I love being asked to find solutions for a wedding set. For hers, she wanted a bypass design. So the design was quite obvious. I matched the heart motif and kept a similar width and profile.
I cast it in two pieces so I could better finish the inside of the bypass.
It is nice to see yellow gold making a come back.
Even with wanting to keep a similar bypass look, his ring had many possible design variations. He chose the center to be a half round band.
I used tungsten burnished to work harden the ring. It hardens the surface and makes to more scratch resistant.
You can check my whole website dedicated to drum and guitar rings.
http://musicianrings.com
But here is how I made my last order:
I use a Wolf Wax attachment to turn a #35 foredom hand piece into a mini router. I first ream out the tube to the desired finger size and then shape the wax to a plain basic band.

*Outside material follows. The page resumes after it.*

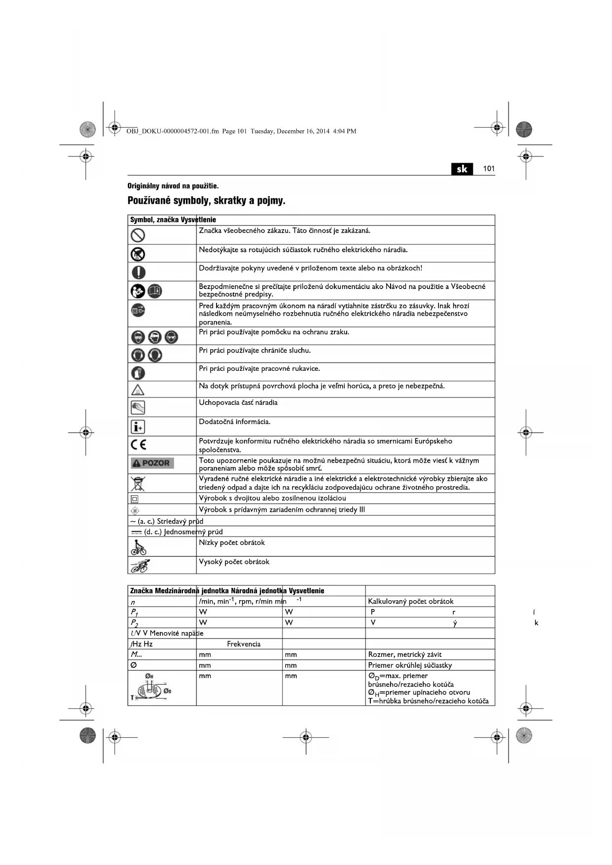 Originálny návod na použitie. Používané symboly, skratky a pojmy. Symbol, značka Vysvetlenie Značka všeobecného zákazu. Táto činnosť je zakázaná. Nedotýkajte sa rotujúcich súčiastok ručného elektrického náradia. Dodržiavajte pokyny uvedené v priloženom texte alebo na obrázkoch! Bezpodmienečne si prečítajte priloženú dokumentáciu ako Návod na použitie a Všeobecné bezpečnostné predpisy. Pred každým pracovným úkonom na náradí vytiahnite zástrčku zo zásuvky. Inak hrozí následkom neúmyselného rozbehnutia ručného elektrického náradia nebezpečenstvo poranenia. Pri práci používajte pomôcku na ochranu zraku. Pri práci používajte chrániče sluchu. Pri práci používajte pracovné rukavice. Na dotyk prístupná povrchová plocha je veľmi horúca, a preto je nebezpečná. Uchopovacia časť náradia Dodatočná informácia. Potvrdzuje konformitu ručného elektrického náradia so smernicami Európskeho spoločenstva. Toto upozornenie poukazuje na možnú nebezpečnú situáciu, ktorá môže viesť k vážnym poraneniam alebo môže spôsobiť smrť. Vyradené ručné elektrické náradie a iné elektrické a elektrotechnické výrobky zbierajte ako triedený odpad a dajte ich na recykláciu zodpovedajúcu ochrane životného prostredia. Výrobok s dvojitou alebo zosilnenou izoláciou Výrobok s prídavným zariadením ochrannej triedy III ~ (a. c.) Striedavý prúd (d. c.) Jednosmerný prúd Nízky počet obrátok Vysoký počet obrátok Značka Medzinárodná jednotka Národná jednotka Vysvetlenie

By changing the large cylinder bur to a wheel bur, I milled the step of the “rim” of the hoop. I Flipped the wax over and repeat the cut.
I marked out 8 equal lines for the placement of the lugs and tension rods.
For this design, I carved the lugs in the wax. By doing the rims, shell and lugs in one piece, it dramatically cut down the labor of assembling individual parts in metal. (Which I have done on some drum multi colored gold versions.)
Here is the finished wax after texturing the shell with a 1.0 mm ball bur for the finish the customer custom ordered.
The wax model is sprewed on to a rubber base and a metal cylinder is placed over that.
A special plaster is poured into the flask. When the plaster hardens the rubber base is removed, exposing the ends of the wax sprew. The flask is placed in a kiln. As the temperature rises, the wax melts out, leaving a cavity of exactly what was carved.
The molten metal is “shot” into the flask with the aid of a centrifuge.
Here is a flask just after casting.
When you dunk the mold in water, the plaster breaks down.
Here is the rough casting with the sprew and “button”. You always need to carefully calculate how much metal you use to cast with. Too much, and molten metal would go flying out after overfilling the mold. Too little, and the ring is incomplete or plagued with porosity. (Small voids)
The ring is cut off of the button and goes through a process of sanding and polishing. The button can be used in the next casting along with the addition of more new metal.
I am working on the tension rods. Holes are drilled and wire is soldered in place.